Amyloidoses are a clinically diverse group of disorders characterized by the deposition of amyloid fibrils. Amyloid fibrils share a typical cross β structure that leads to a distinct X-ray diffraction pattern, which comprises a 4.75 Å reflection corresponding to the spacing between β strands and a 10 Å reflection corresponding to the distance between β sheets [1]. Amyloid fibrils can deposit locally or systemically, and the distinction between the two is made based on whether the production site of the precursor protein is the same as the deposition site [2]. In systemic amyloidosis, the production site of the precursor protein is anatomically distant from its deposition site. In localized amyloidosis, the precursor protein is synthesized at its site of deposition [3]. Currently, 20 proteins have been implicated in systemic amyloidoses, and 27 in localized amyloidosis [2]. Currently, all amyloidoses remain incurable.
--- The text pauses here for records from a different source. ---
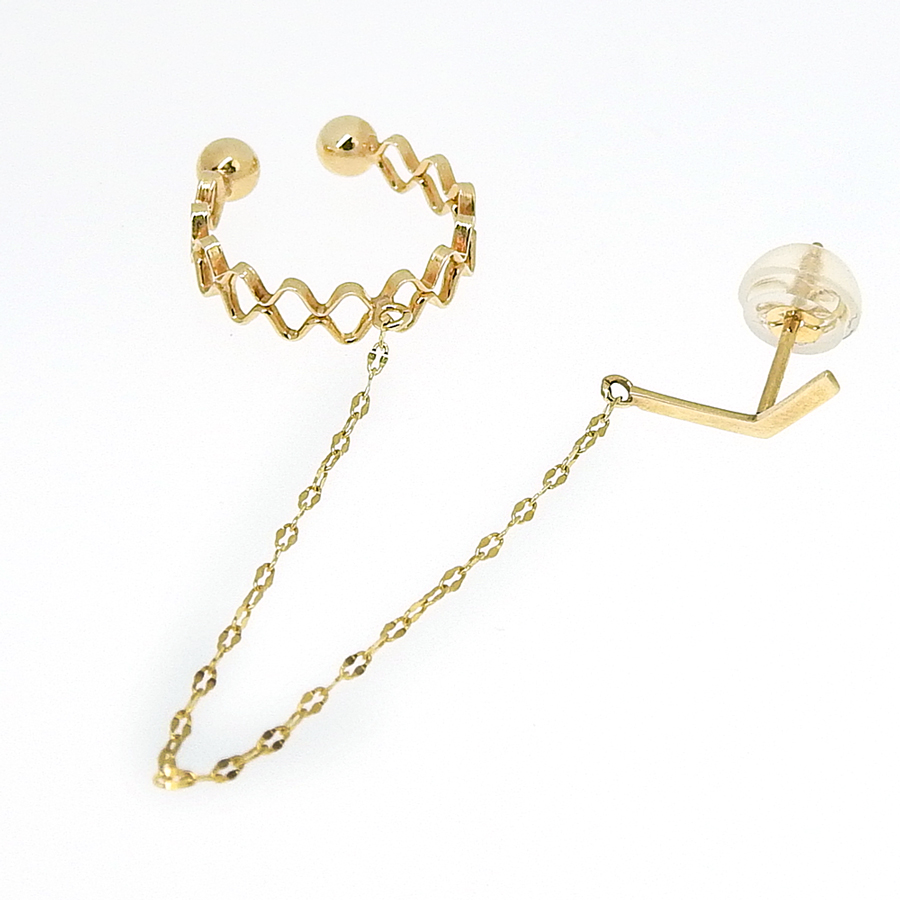 ウェーブ イヤーカフ K10YG 10金 イエローゴールド スタッドピアス付 アクセサリー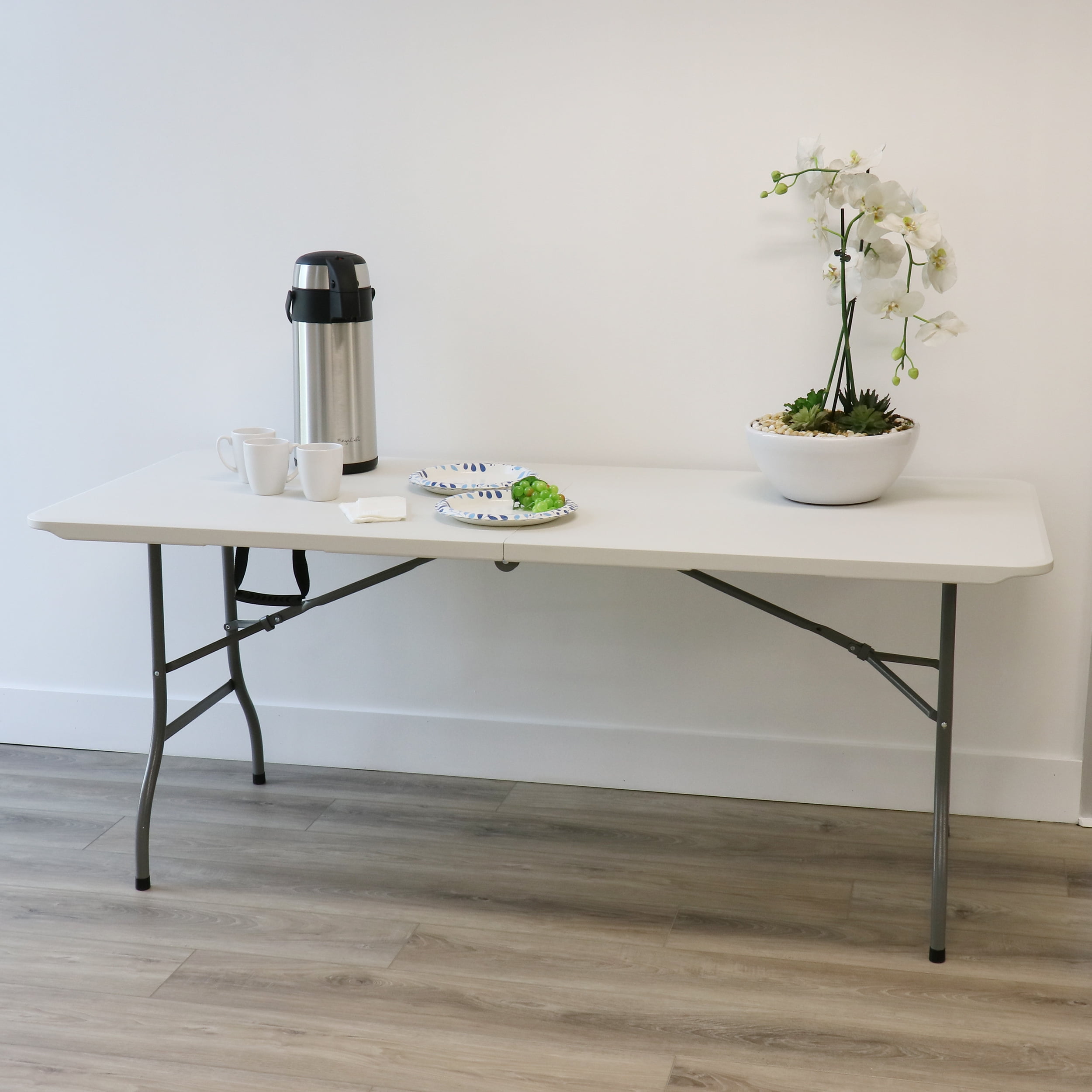 Be ready for any occasion with this Elama 6 Foot Plastic Folding Table in White. Pop out this table at anytime, easily fold it out for quick use. Nonslip feet won’t scratch your floors or patio while keeping the table in place. The plastic material with full metal frame is a breeze to clean up, perfect for serving food and using outside. When you’re done, simply pull the ring located on the inside leg and fold it flat to store it away for next time. Invite friends and family over for a nice lunch or dinner party, or break out some board games for a fun game night!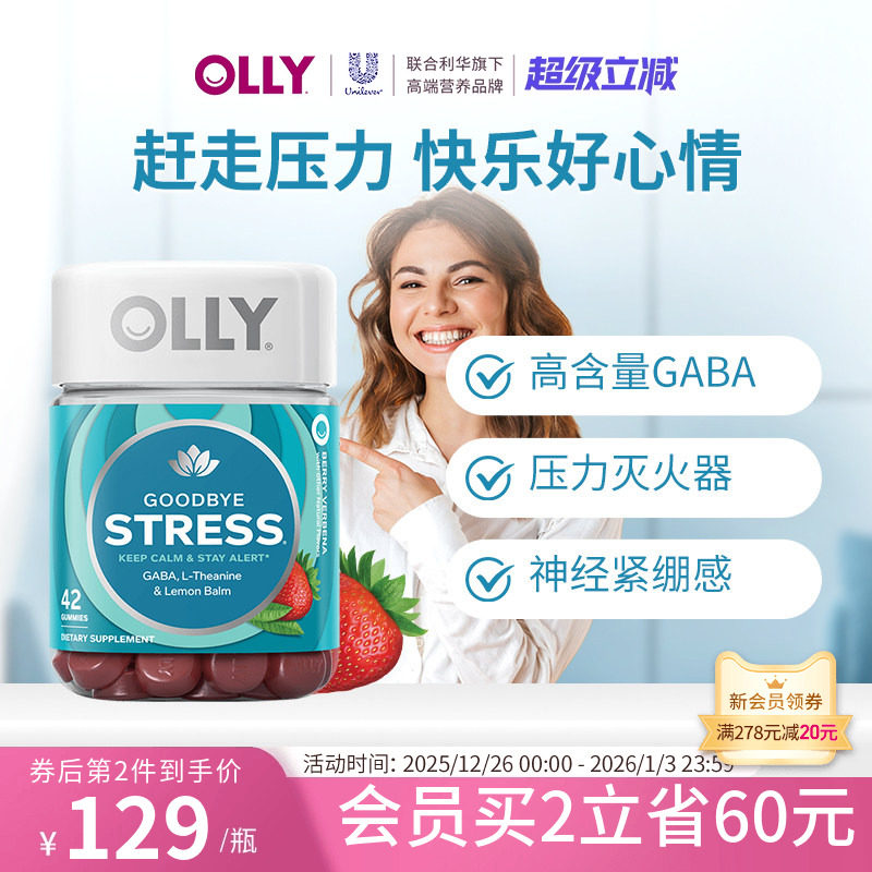 OLLY元气stress睡眠GABA深睡糖氨基丁酸舒缓压力软糖心情保健品

In recent years, there has been an unprecedented advancement in the development of protein aggregation inhibitors, some of which are now marketed for the treatment of amyloidosis. The first-ever approved protein aggregation inhibitor for the treatment of amyloidosis was tafamidis, a small molecule that targets the native structure of the amyloid precursor transthyretin [4]. Since then, many other molecules have been designed and tested, including small molecules, peptides, miniproteins, antibodies, and derivatives. These were designed to either target the precursor amyloid proteins, the matured amyloid fibrils, or intermediate species. Here, we review current strategies for developing conformation-specific aggregation inhibitors with emphasis on promising recent efforts under different stages of preclinical and clinical testing. Figure 1 provides an overview of the topics discussed here. Table 1 offers a list of conformational strategies to prevent, inhibit, and/or clear protein aggregation that are currently being tested in clinical trials; some of these are discussed in this review.